As the events of the past few days have shown us, life can be extremely unpredictable. This inevitably affects our finances as life seems to spiral at times. This is a prime example of the importance of an emergency fund. An emergency fund is a financial safety net that is used to cover unplanned expenses so that they don’t throw off your budget.

But an emergency fund is just that, money saved for an emergency. It isn’t intended to be used for irregular expenses or impulse purchases. It’s important to think of these funds as a separate stash of money for use only when a true emergency arises.

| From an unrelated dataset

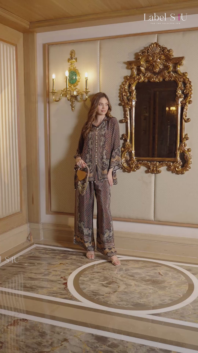 Upgrade your everyday style with this brown printed co-ord set, which offers a perfect blend of comfort and elegance. This stylish set includes a printed top and matching pants, designed with beautiful baroque-inspired motifs and delicate lace detailing on the sleeves and hemline. Made from soft, breathable fabric, this outfit is perfect for long hours, making it ideal for office wear, casual outings, lunch dates, festive gatherings, and small gatherings. The relaxed fit gives a comfortable look, while the rich brown tones add a classy and timeless vibe.

A good rule of thumb is to set aside enough money to cover 3-6 months of expenses. Of course, you can never have too much money set aside, but this is a great place to start for your initial emergency fund. Saving for a full 3-6 months of expenses can seem extremely daunting, but having a goal is a great place to start.

To figure out how much you should set aside, you need to calculate your required monthly expenses, and then multiply it by the number of months you wish to save for. This amount need not include discretionary spending, only the expenses you are required to pay each month. Then find out how many months you plan to save and divide your required emergency fund by that number to figure out the amount you have to put away each month. If this is too much, adjust the monthly payment to see how many months you would need to save for to reach your goal.

Anything is better than nothing, and small savings does add up over time. Even $30/week will eventually get you a nice little stash, something you could easily add to over time. This amount could be kept in your primary bank account, but is better kept in a separate savings account to make sure it isn’t accidentally spent. Make sure it’s accessible for when you actually need it.

It isn’t always easy to sacrifice the money and time to build this fund, but there is no better way to protect yourself from the unexpected.